Une chose est d’organiser
des discussions sur les réformes, une autre est qu’elles aboutissent à
du concret. Et le concret ici, c’est sans doute leur exécution de façon à
permettre une élection présidentielle transparente, équitable, crédible
et sans violences en 2015 et faire avancer la démocratie togolaise.
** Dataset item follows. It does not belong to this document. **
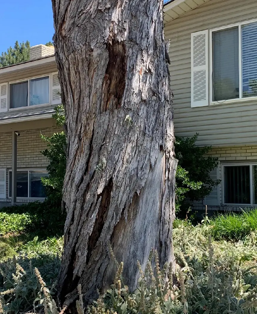 The appealing appearance is given off by the contrast between the softer inner layers and the dark, wrinkled bark, which is enhanced by snow or frost.
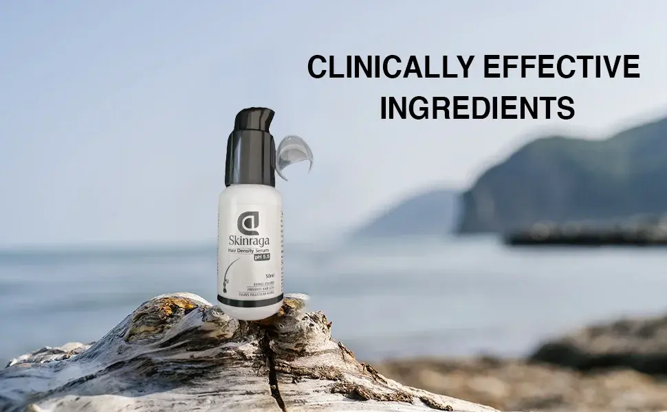 Skinraga serum is the combination of natural origin apigenin and oleanolic acid with the vitaminated matrikine biotinyl-gly-his-lys in solution.

Faure Gnassingbé et le pouvoir sont-ils vraiment animés d’une telle
disposition d’esprit ? Ou ces discussions qui démarrent aujourd’hui
sont-elles juste un tour de farce de plus ?
La question reste posée
lorsqu’on considère toute la coulée de bile et d’adrénaline qui a suivi
les premiers échanges à la Primature les 13 et 14 mars derniers. Alors
que toutes les parties ont exprimé leurs positions et la majorité s’est
dégagée, et donc on attendait que les choses s’accélèrent dans les jours
suivants, le gouvernement a plutôt brillé par son mutisme sur la
problématique durant deux mois. Ce qui a poussé l’opposition à crier à
tue-tête – le Cst a même tenté d’organiser une marche sur la question,
mais réprimée – et les diplomates occidentaux et la communauté
internationale à multiplier les appels à l’endroit du pouvoir, eux qui
d’habitude observent des réverses sur les affaires internes des Etats et
sur des questions sensibles. Nicolas Berlanga-Martinez, Joseph Weiss,
François Hollande ne se sont pas empêchés d’appeler le pouvoir Faure
Gnassingbé à s’exécuter. Toutes ces exhortations ont été durant deux
bons mois ignorées par l’Exécutif togolais. Le dernier appel venait du
chef de la Délégation de l’Union européenne le 9 mai dernier à
l’occasion de la Journée de l’Europe. Et pour nombre d’observateurs,
c’est ce nième appel qui a boosté les choses et les discussions qui
démarrent aujourd’hui à la Primature ne sont destinées qu’à amadouer les
partenaires européens ; et donc qu’il faut y voir au bout un marché de
dupes de plus.
Difficile, en tout cas, de
parier sur la bonne foi de Faure Gnassingbé et les siens. Car c’est ce
qui fait défaut dans ce chantier d’exécution des réformes prescrites
depuis le 20 août 2006. Sur le cadre devant abriter les discussions
préalables aux réformes, la majorité s’est dégagée. L’Anc, l’Addi, le
Car ou la Coalition Arc-en-ciel, et aussi dans une certaine mesure
l’Union pour la République (Unir) qui ne fait pas de fixation et se dit
prêt à toute concession pour faciliter le consensus, militent pour un
cadre autre que l’Assemblée nationale, contrairement à la volonté de
Faure Gnassingbé et de l’Union des forces de changement (Ufc) qui ne
veut même pas en entendre parler. A priori il ne devrait plus y avoir de
polémique possible sur le cadre. L’essentiel devra se dérouler sur le
fond. Et justement à ce propos, il y a une question fondamentale : la
limitation du mandat présidentiel et la candidature ou non de Faure
Gnassingbé à la présidentielle de 2015. L’opposition et les Togolais
amoureux de la démocratie le veulent à deux, et avec effet immédiat. En
clair, Faure Gnassingbé qui sera en 2015 au terme de ses deux mandats
légitimes au pouvoir devra vider le plancher. En bon démocrate, comme le
peignent ses admirateurs, il ne devrait pas éprouver de la peine à se
retirer, car l’alternance est un principe sacralisé par les civilités
démocratiques. Mais bien inspiré qui pourrait présager de la suite.